This was inspired by a pic, of a screenshot, of a photo sent to a friend of mine. No idea where the original came from. (If it’s you I’d love to give you credit).

I couldn’t resist immediately going out and getting a Saturn V kit after dinner, and finished assembling it at 2am. Next day I started on the wiring and assembly of the base. Completely rushed and I’m not going to impress any actual modellers, but hey.

Rocket Lamp

It’s just under 2m tall.

Lights are Neopixels and a quick sketch to make them flicker and flame.

rocket lamp 2

Edit: There’s been a few people asking for details of construction.

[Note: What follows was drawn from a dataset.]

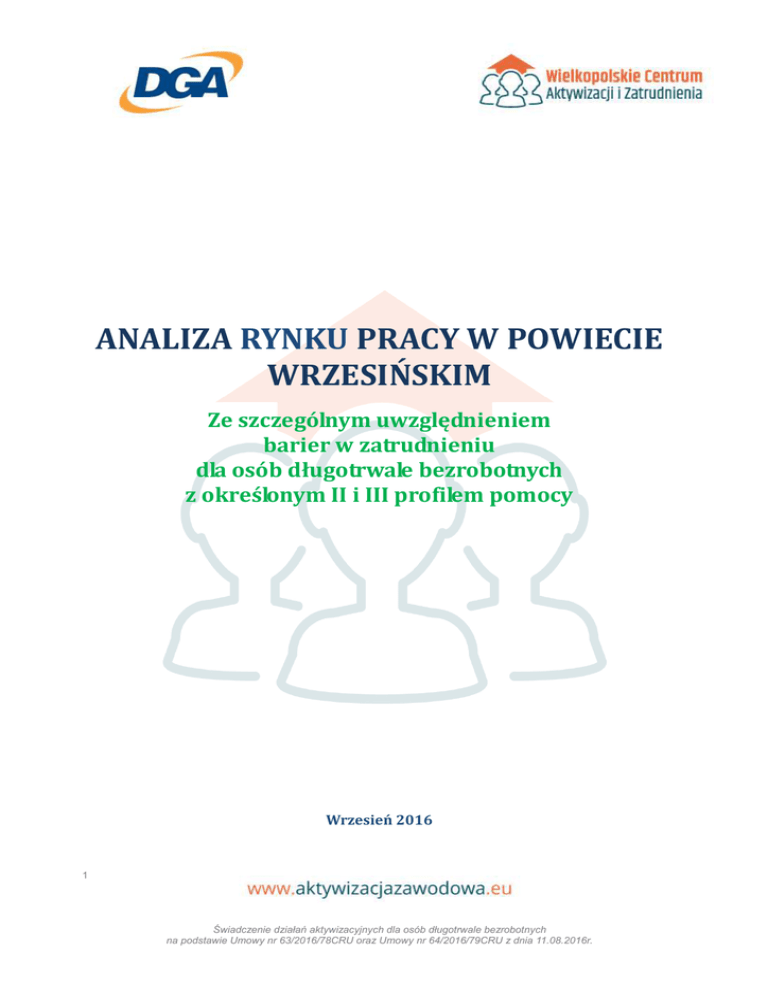 ANALIZA RYNKU PRACY W POWIECIE WRZESIŃSKIM Ze szczególnym uwzględnieniem barier w zatrudnieniu dla osób długotrwale bezrobotnych z określonym II i III profilem pomocy Wrzesień 2016 1 Świadczenie działań aktywizacyjnych dla osób długotrwale bezrobotnych na podstawie Umowy nr 63/2016/78CRU oraz Umowy nr 64/2016/79CRU z dnia 11.08.2016r. SPIS TREŚCI WPROWADZENIE ................................................................................................................................. 3 CHARAKTERYSTYKA POWIATU WRZESIŃSKIEGO ................................................................... 4 POŁOŻENIE ........................................................................................................................................................... 4 POWIERZCHNIA ................................................................................................................................................... 5 DEMOGRAFIA ....................................................................................................................................................... 5 CHARAKTERYSTYKA RYNKU PRACY POWIATU WRZESIŃSKIEGO ...................................... 7 POZIOM I DYNAMIKA BEZROBOCIA ..................................................................................................................... 9 ZAWODY DEFICYTOWE I NADWYŻKOWE ................................................................................. 12 PROFILOWANIE POMOCY ............................................................................................................... 13 IDENTYFIKACJA BARIER OSÓB DŁUGOTRWALE BEZROBOTNYCH................................................................... 17 PODSUMOWANIE .............................................................................................................................. 19 2 Świadczenie działań aktywizacyjnych dla osób długotrwale bezrobotnych na podstawie Umowy nr 63/2016/78CRU oraz Umowy nr 64/2016/79CRU z dnia 11.08.2016r. WPROWADZENIE Współczesny rynek pracy – z perspektywy osób poszukujących zatrudnienia – charakteryzuje się zmiennością, dynamiką i coraz to wyższymi wymaganiami. Ten stan rzeczy prowadzi do sytuacji, w której odniesienie sukcesu zawodowego w coraz większym stopniu zależy od zdolności przystosowywania się pracownika do zmieniającego się rynku pracy, gotowości na przeorientowanie postaw wobec samokształcenia, nabywania kolejnych doświadczeń, niejednokrotnie w wąskich specjalizacjach. Rynek pracy wręcz wymusza zindywidualizowanie ścieżek edukacyjnych i zawodowych, to z kolei wysoką świadomość własnych kwalifikacji, kompetencji i konkurencyjności. W takich warunkach problemy i bariery w podjęciu zatrudnienia dotykają osób znajdujących się w szczególnej sytuacji na rynku pracy, zwłaszcza osoby z określonym II i III profilem pomocy. To, kim są te osoby, z jakich powodów i jak długo utrzymują status bezrobotnych to cenne informacje o tendencjach na współczesnym rynku pracy. Wiedza ta ma bezpośredni wpływ na decyzje o kierunkach działań profilaktycznych i naprawczych, jakie powinny być podejmowane w stosunku do poszczególnych grup osób bezrobotnych. W związku z powyższym, celem opracowania było udzielenie odpowiedzi na pytanie o bariery, na jakie napotykają długotrwale bezrobotni z określonym II i III profilem pomocy na rynku pracy oraz o najbardziej efektywne działania na rzecz tej kategorii osób pozwalające na ich integrację zawodową i społeczną. Opracowanie powstało w ramach Projektu: Wielkopolskie Centrum Aktywizacji i Zatrudnienia, realizowanego przez DGA S.A na zlecenie: Wojewódzkiego Urzędu Pracy w Poznaniu (Świadczenie działań aktywizacyjnych dla osób długotrwale bezrobotnych na podstawie Umowy nr 63/2016/78CRU oraz Umowy nr 64/2016/79CRU z dnia 11.08.2016r.) 3 Świadczenie działań aktywizacyjnych dla osób długotrwale bezrobotnych na podstawie Umowy nr 63/2016/78CRU oraz Umowy nr 64/2016/79CRU z dnia 11.08.2016r. CHARAKTERYSTYKA POWIATU WRZESIŃSKIEGO Położenie Powiat wrzesiński położony jest w centralnej części województwa wielkopolskiego. Znajduje się w odległości ok. 50 km od Poznania, który stanowi stolicę województwa, a ponadto ważny ośrodek gospodarczy, edukacyjny i administracyjny. Powiat wrzesiński swoim zasięgiem obejmuje 5 gmin, w tym cztery gminy o charakterze miejskowiejskim (Miłosław, Nekla, Pyzdry i Września) oraz jedną gminę wiejską (Kołaczkowo). Gmina Września jest położona ok. 50 km na wschód od Poznania nad rzeką Wrześnicą. Gmina zajmuje powierzchnię 222 km2, a zamieszkiwana jest przez 45 547 osób, co sprawia, że ma najwyższą gęstość zaludnienia wśród gmin powiatu wrzesińskiego (205 os./km2). Gmina Września podzielona jest na 33 sołectwa. Stanowi ważny węzeł komunikacji drogowej i kolejowej. Znajduje się przy autostradzie A2 na odcinku Poznań – Warszawa. Gmina Nekla obejmuje obszar 96 km2, zamieszkiwana jest przez 7 264 osoby. Gęstość zaludnienia wynosi 76 os./km2. Gmina Nekla podzielona jest na 16 sołectw. Gmina Miłosław obejmuje obszar 132 km2, zamieszkiwana jest przez 10 350 osób. Gęstość zaludnienia wynosi 78 os./km2. Gmina Miłosław podzielona jest na 16 sołectw. Gmina Kołaczkowo obejmuje obszar 116 km2, zamieszkiwana jest przez 6 102 osoby. Gęstość zaludnienia wynosi 53 os./km2. Gmina Kołaczkowo podzielona jest na 17 sołectw. Gmina Pyzdry zajmuje powierzchnię 138 km2, zamieszkiwana jest przez 7 218 osób, przez co charakteryzuje się najniższą gęstością zaludnienia (52 os./km2). Gmina Pyzdry podzielona jest na 20 sołectw.1 1 Strategia Rozwiązywania Problemów Społecznych w Powiecie Wrzesińskim m lata 2016 - 2020 4 Świadczenie działań aktywizacyjnych dla osób długotrwale bezrobotnych na podstawie Umowy nr 63/2016/78CRU oraz Umowy nr 64/2016/79CRU z dnia 11.08.2016r. Powierzchnia Powiat wrzesiński zajmuje powi

The base is a wood block with steel threaded rod for support. Unfortunately I didn’t have joiners, so had to use two rods and cable tie them together to get the length (Did I mention this was a rush project?)

The cloud material itself is polypropylene pillow stuffing. I went to Kmart and picked up their cheapest pillow that mentioned polypropylene for $5. I have about half left over.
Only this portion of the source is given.